Decoupling doesn't always work in favor of the people. Self-hosting can do good things but again needs to be careful navigating the regulatory regime.
zeroxy
If you were not concerned about executing subpoenas yourself, self host, even on an openwrt.
If you have email, the Calendar, Contacts, notes/tasks, functionality can be also replicated on a shoestring budget. You might have to write some code, but you would be ok.
I have a nagging the back of my head, that ActivityPub can we workable through databaseless almost static resources.
I generally dislike needing dbm's for deployments. I like it cheaper, static.
Rules for thee but not for me. The public wouldn't have access to the data. "They cant be trusted"
Key notes and some thoughts:
1. "It is emphasized that national legislation on storing and access to retained traffic and location data for the purpose of safeguarding national security should be exempt from future EU legislation, regardless of which national authority requests access."
2. "Some Member States highlight the fact that it would be important to bear in mind the recommendations of the High level Group regarding the enforcement of sanctions against electronic and other communications service providers which do not comply with requirements regarding the retention and provision of data."

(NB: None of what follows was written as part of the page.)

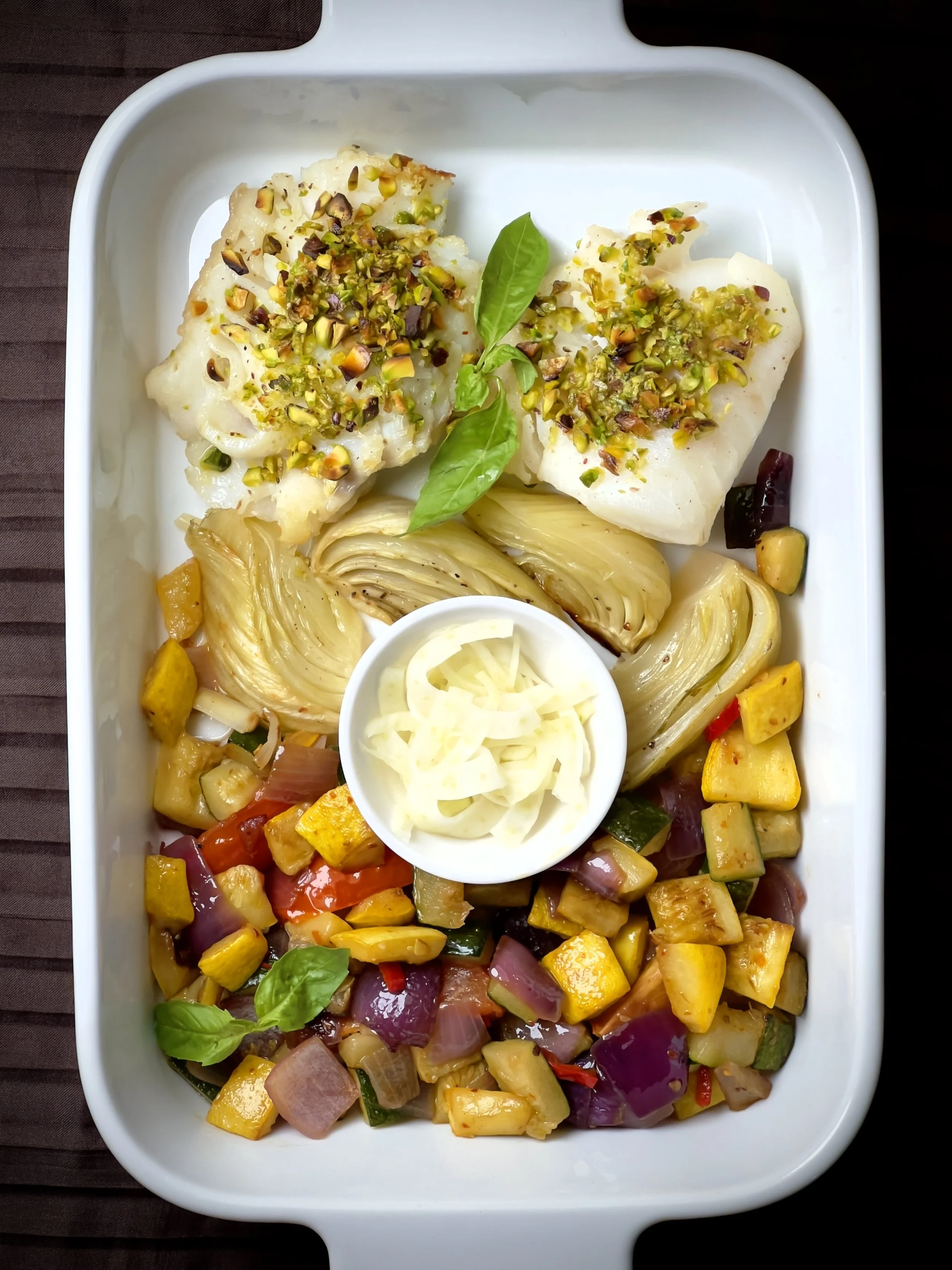Wild-caught cod with pistachio crust, paired with roasted fennel, pickled fennel, and sautéed zucchini, peppers, and onions. Finished with basil.

3. "Some Member States stress that access rules at EU level should not interfere with national rules on the admissibility of data."
4. One could argue the opposite. One could argue that the admissibility of any data that are subject to disclosure should be subjectable to a negative protection test regarding their admissibility, in accordance to proportionality and procedural safeguards, therefore by instituting exclusionary rules. Those exclusionary rules of data subject to disclosure, should be the subject of harmonization. This is the best way to protect fundamental rights, while reducing impediments to investigations. Any data retention obligation should be only be the competence of members states (by national laws). It would be those laws that should be the subject of future litigation in terms of their validity and compliance with the EU primary law, and of the general principles (of EU law). "Therefore argue that a new EU data retention regime should not rely on a literal application of those rulings to individual cases, but rather on an assessment of the principle of proportionality in line with the CJEU’s general guidelines as they result from the application of the Charter (CFREU), combined with appropriate mechanisms for oversight by independent bodies or judicial authorities to ensure full protection of fundamental rights." We have seen how certain competent authorities duck replying - courts per CFREU, the treaties and the general principles of EU law, courts must reply, otherwise they are not courts.
5. "Member States consider that EU legislation should not define the concept of ’serious crime‘ " This is an interesting take that allows any member state crime to be defined as serious.
6. "Member States consider that targeted data retention would be insufficient to achieve a good outcome for the investigations, since law enforcement authorities will not always know in advance by whom, when, and where a crime is going to be committed."
7. "Member States also mention the importance of aligning future data retention rules with existing ... regulation in the field of consumer protection." So we break consent for supposedly crime investigation purposes but we also want it applied in civil actions. Using the power to compel under criminal law for civil actions, that's something
8. "Some Member States and the EU Counter-terrorism coordinator agree that over-the-top (OTT) services should be subject to retention obligations due to their dominance in communications "
9. "Most Member States express general support for future legislation to have the broadest possible scope of application"
10. "Other Member States point out that the system should be based on general retention combined with robust access safeguards." So back to the wording of the old directive in essence.
11. So they want what they had in the past. They are talking about subjecting correspondence that is transported through technological means, to a "mandatory" retention obligation, yet no one seems to even assess the implications for software developers in regards to their freedom speech in terms of writing software and the conscientious objections they might have with a measure of a broadest scope of application (indiscriminate). There isn't any assessment either regarding the (compelled) self-incrimination part, which is instituted by such regime, because any party to a correspondence would be compelled under criminal law, to forcibly disclose and make available self incriminating correspondence, even in civil proceedings.
I'm not that concerned. There is also microg
"To be clear, developers will have the same freedom to distribute their apps directly to users through sideloading or to use any app store they prefer."